[Opening EXERCISE DATA section]
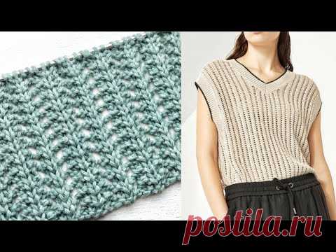 Простой ажурный узор джемпера от Кучинелли / Выглядит как ажурная польская резинка
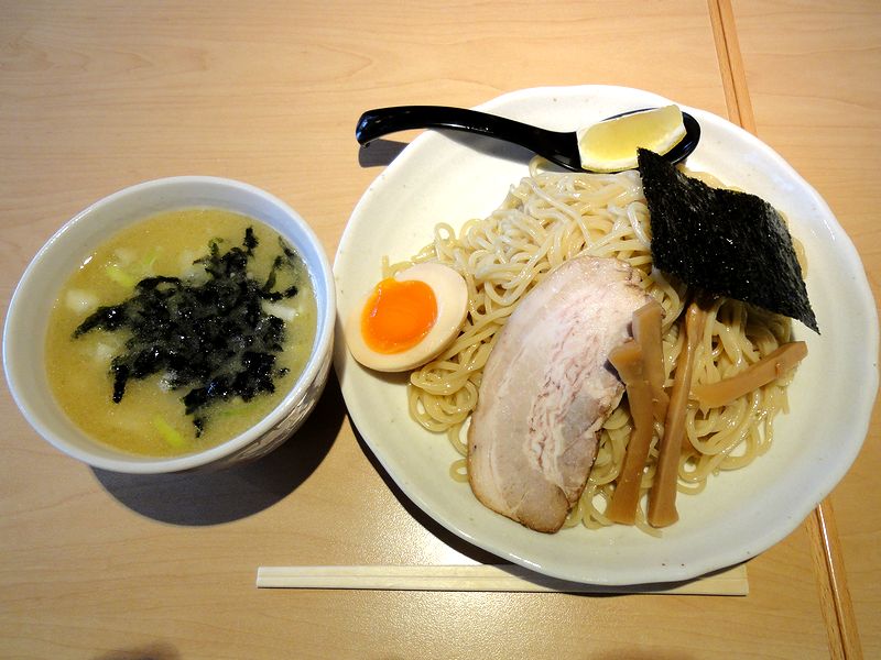 で、いただいたのは、実は前回お伺いした時に気になっていたこちら。つけ汁は、こちらのお店のメインである鶏白湯ベース。前回いただいた旨塩らぁめんでは魚風味が感じられましたが、こちらはストレートに『鶏っ!』という感じで、あちらより、よりストロングな感じが。また麺は、太めのストレート麺で、プリっモチっとした食感。そして具は、柔らかいチャーシューに風味が良いメンマ、半熟の味玉など。その中でもつけ汁に入れられた岩のり割りスープが、鶏白湯と絶妙なマッチングで、何とも良いアクセントになっていますね。それと、添えられたレモンは途中から麺に搾っていただきましたが、これまた鶏白湯と合っていて、最後まで飽きずにいただけます。あと、最後にスープ割りをお願いすると、割りスープが熱々の状態で出てきました。おかげで冷め気味のつけ汁が再び香り立つというか。ちなみに割りスープは、あっさりした魚系の出し汁でした。
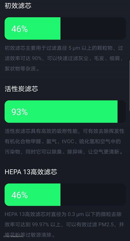 APP显示各滤网寿命还比还较多,高效使用时间一年,玻纤滤料,一般不会一年就失效,不排除是我使用过程中造成滤网损坏。活性炭是新换的,刚使用不久。▼
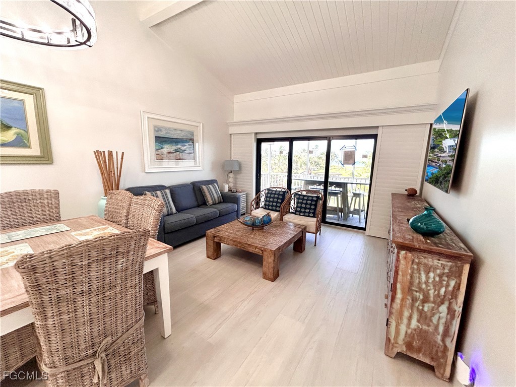 The Gulf-front living and dining areas flow seamlessly together, complemented by coastal décor and contemporary recessed lighting that elevate the atmosphere. Impact-rated sliding doors lead to a screened patio with sweeping panoramic views of the Gulf.
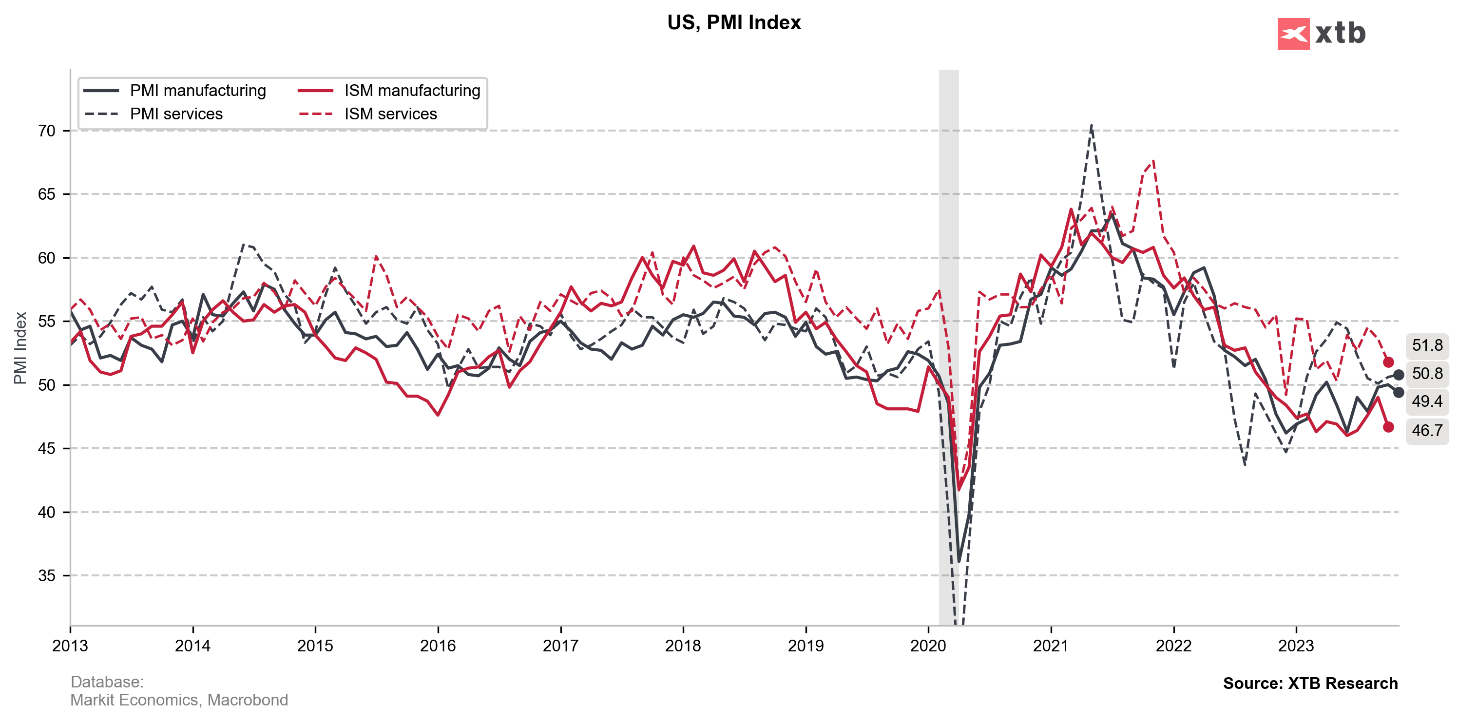 Một loạt chỉ số PMI sơ bộ tháng 11 của Hoa Kỳ đã được công bố hôm nay lúc 21:45 giờ VN. Dữ liệu PMI tháng 11 của Hoa Kỳ được công bố muộn hơn vài ngày so với dữ liệu của Châu Âu do Hoa Kỳ đang nghỉ lễ Tạ Ơn vào đầu tuần này. Dữ liệu dự kiến sẽ cho thấy sự suy yếu trong các lĩnh vực sản xuất và dịch vụ, với chỉ số sản xuất giảm xuống dưới ngưỡng mở rộng - thu hẹp 50 điểm.
[Closing EXERCISE DATA section]
> AIM OF THE TASK:
Your answer should consist solely of the lines from the one with "The Gulf-front living" through the last line of the entries, restated word for word, with the pictures omitted.

> ANSWER TO THIS PROBLEM:
 The Gulf-front living and dining areas flow seamlessly together, complemented by coastal décor and contemporary recessed lighting that elevate the atmosphere. Impact-rated sliding doors lead to a screened patio with sweeping panoramic views of the Gulf.
 Một loạt chỉ số PMI sơ bộ tháng 11 của Hoa Kỳ đã được công bố hôm nay lúc 21:45 giờ VN. Dữ liệu PMI tháng 11 của Hoa Kỳ được công bố muộn hơn vài ngày so với dữ liệu của Châu Âu do Hoa Kỳ đang nghỉ lễ Tạ Ơn vào đầu tuần này. Dữ liệu dự kiến sẽ cho thấy sự suy yếu trong các lĩnh vực sản xuất và dịch vụ, với chỉ số sản xuất giảm xuống dưới ngưỡng mở rộng - thu hẹp 50 điểm.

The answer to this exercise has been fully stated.